PROMPT – A picture-free, exact reproduction of the listing that follows is required.

EXERCISE DATA –
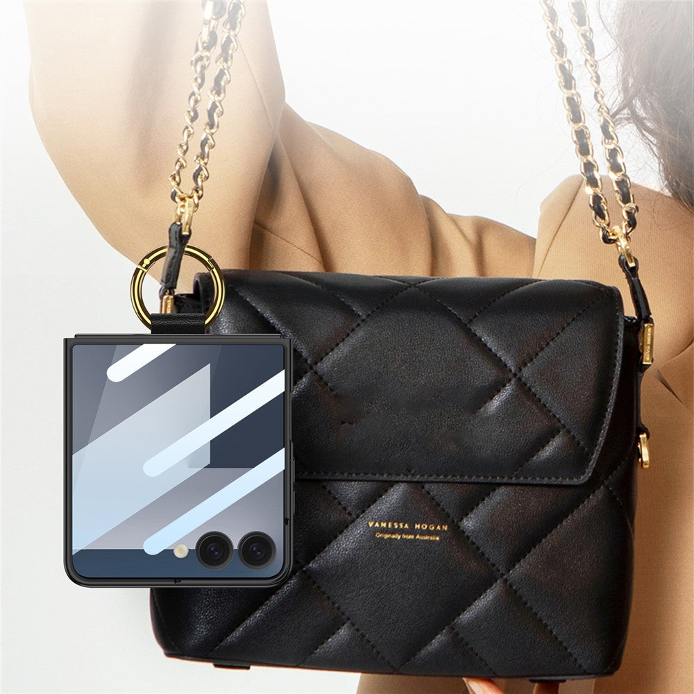 GKK For Samsung Galaxy Z Flip7 5G Magnetic Case PC + Tempered Glass Slim Phone Cover with Kickstand - Black
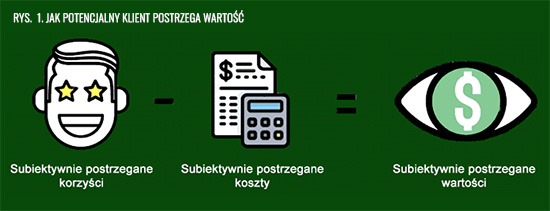 Potencjalny klient, który rozważa zakup Twojego produktu lub usługi, bierze pod uwagę nie tylko cenę. Dlaczego? Nasz mózg ewolucyjnie przystosowany został do zapamiętywania negatywnych emocji i zdarzeń – dzięki temu przetrwaliśmy jako gatunek. Nie dziw się więc, że potencjalny klient ostrożnie podchodzi do inwestycji. Analizując ofertę, rozwiązuje w myślach równanie, którego składowymi są subiektywnie postrzegane koszty związane z zakupem i wdrożeniem produktu lub usługi z subiektywnie postrzeganymi korzyściami, które jego firma i on uzyska po zakupie.
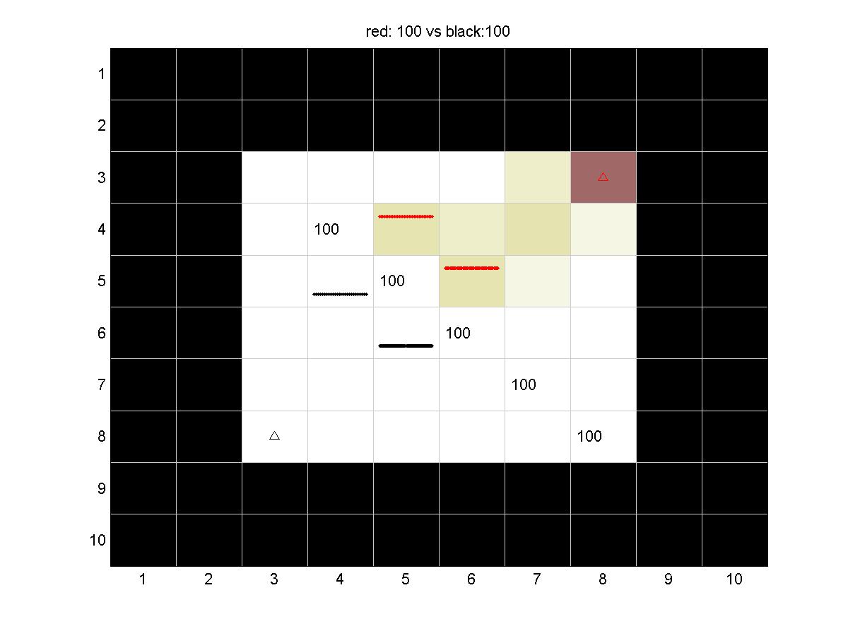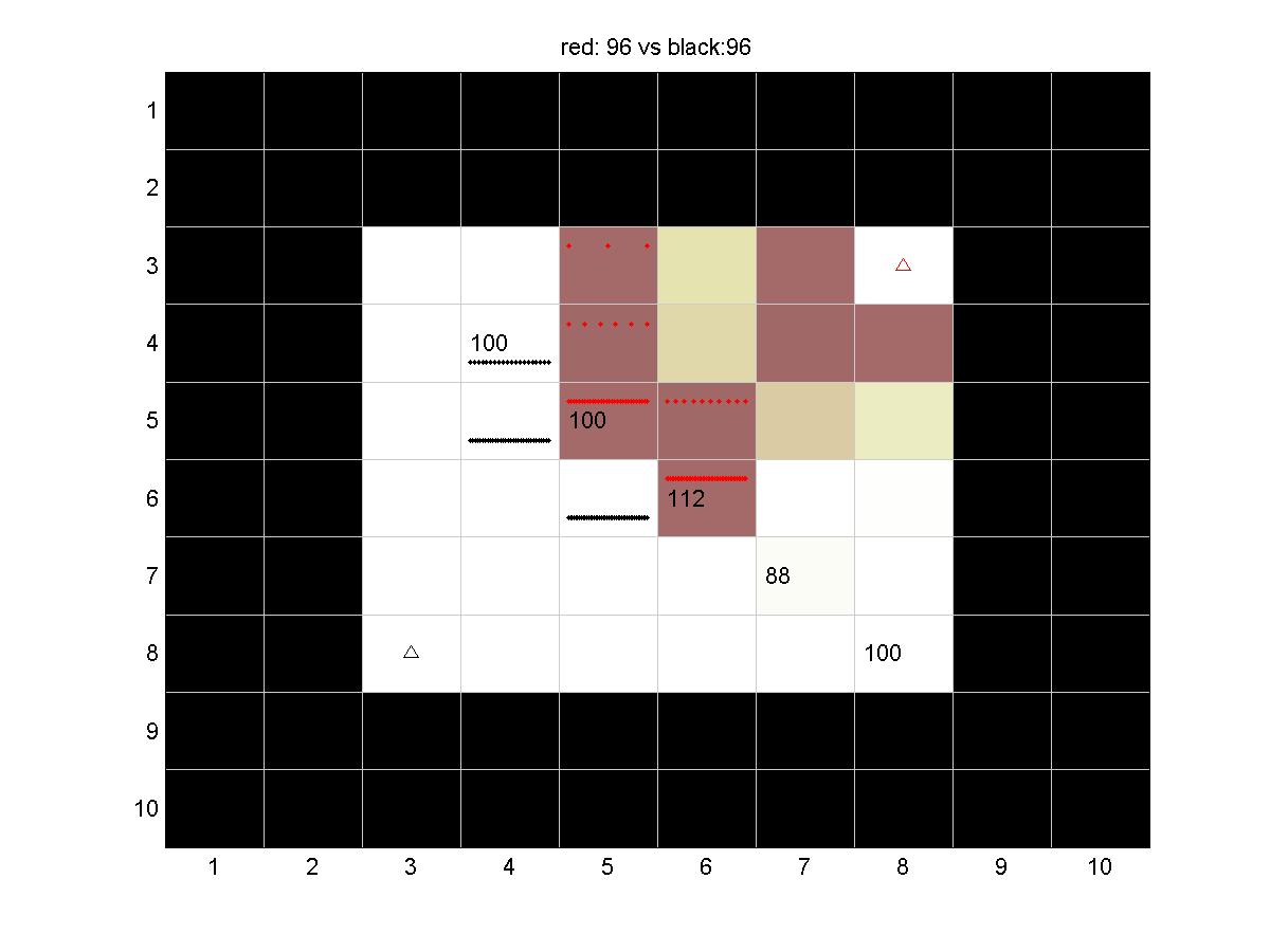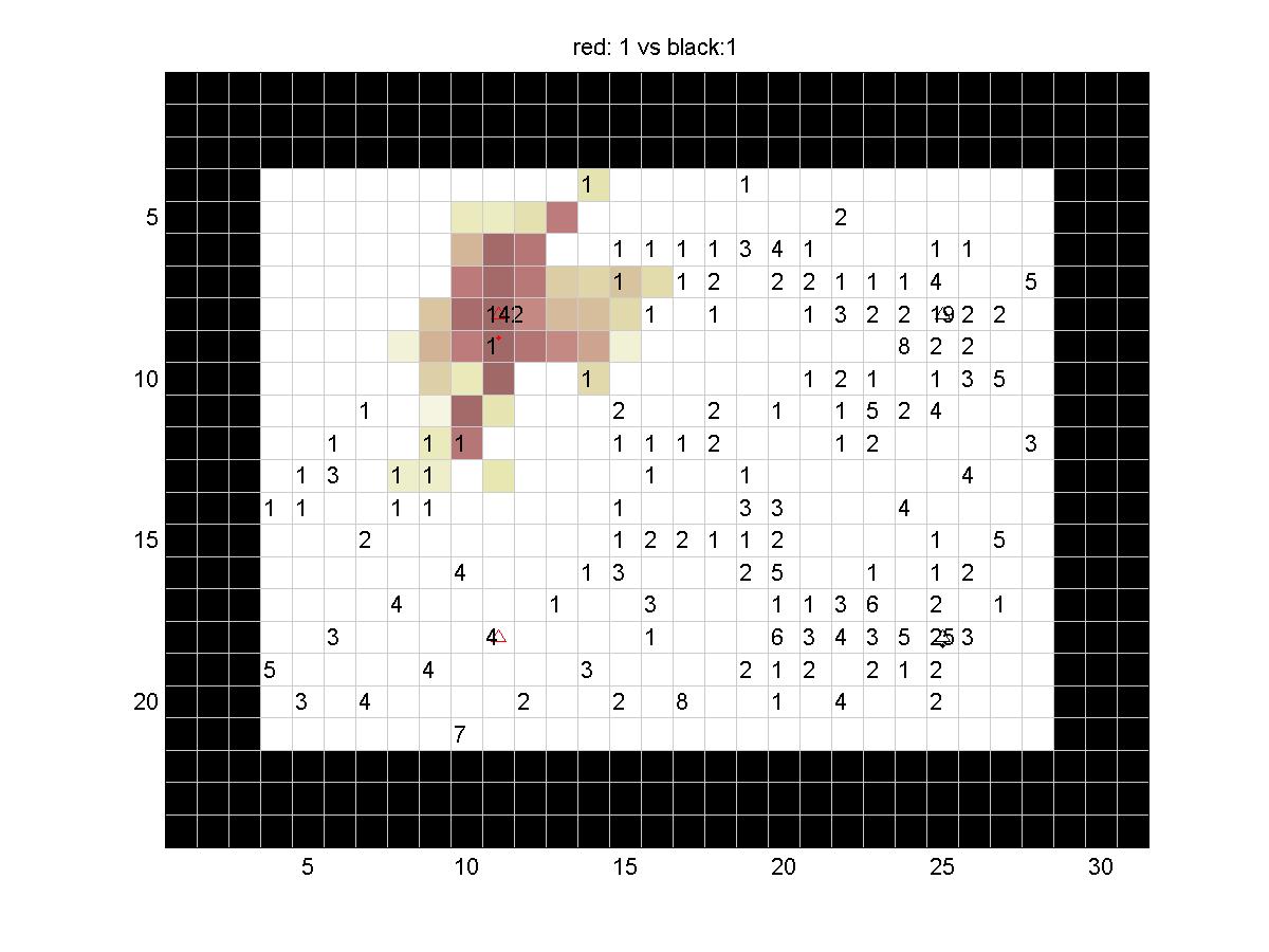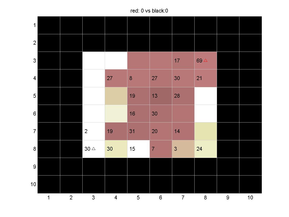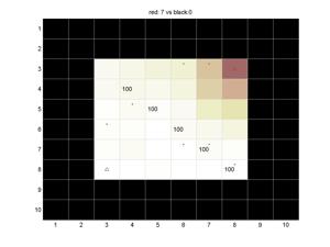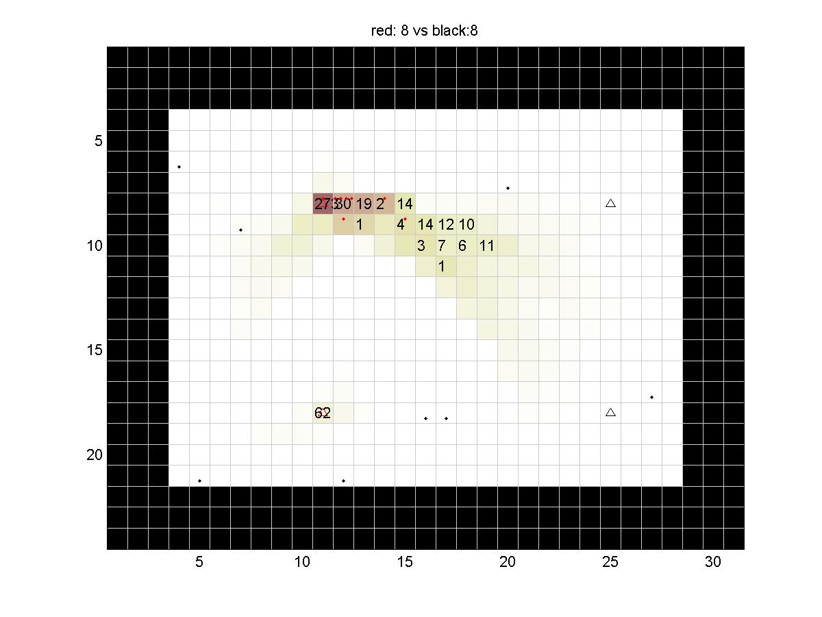 The charts below show each of the boards in the actual test suite and the results of each pairing of different Kings of the Hill. To make it easier to understand, the score is 100 for moving all the sugar to red's anthill, 0 for not moving any sugar, and it can go negative if the sugar is moved farther away. |

EXERCISE RESPONSE –
 GKK For Samsung Galaxy Z Flip7 5G Magnetic Case PC + Tempered Glass Slim Phone Cover with Kickstand - Black
 Potencjalny klient, który rozważa zakup Twojego produktu lub usługi, bierze pod uwagę nie tylko cenę. Dlaczego? Nasz mózg ewolucyjnie przystosowany został do zapamiętywania negatywnych emocji i zdarzeń – dzięki temu przetrwaliśmy jako gatunek. Nie dziw się więc, że potencjalny klient ostrożnie podchodzi do inwestycji. Analizując ofertę, rozwiązuje w myślach równanie, którego składowymi są subiektywnie postrzegane koszty związane z zakupem i wdrożeniem produktu lub usługi z subiektywnie postrzeganymi korzyściami, które jego firma i on uzyska po zakupie.
 The charts below show each of the boards in the actual test suite and the results of each pairing of different Kings of the Hill. To make it easier to understand, the score is 100 for moving all the sugar to red's anthill, 0 for not moving any sugar, and it can go negative if the sugar is moved farther away. |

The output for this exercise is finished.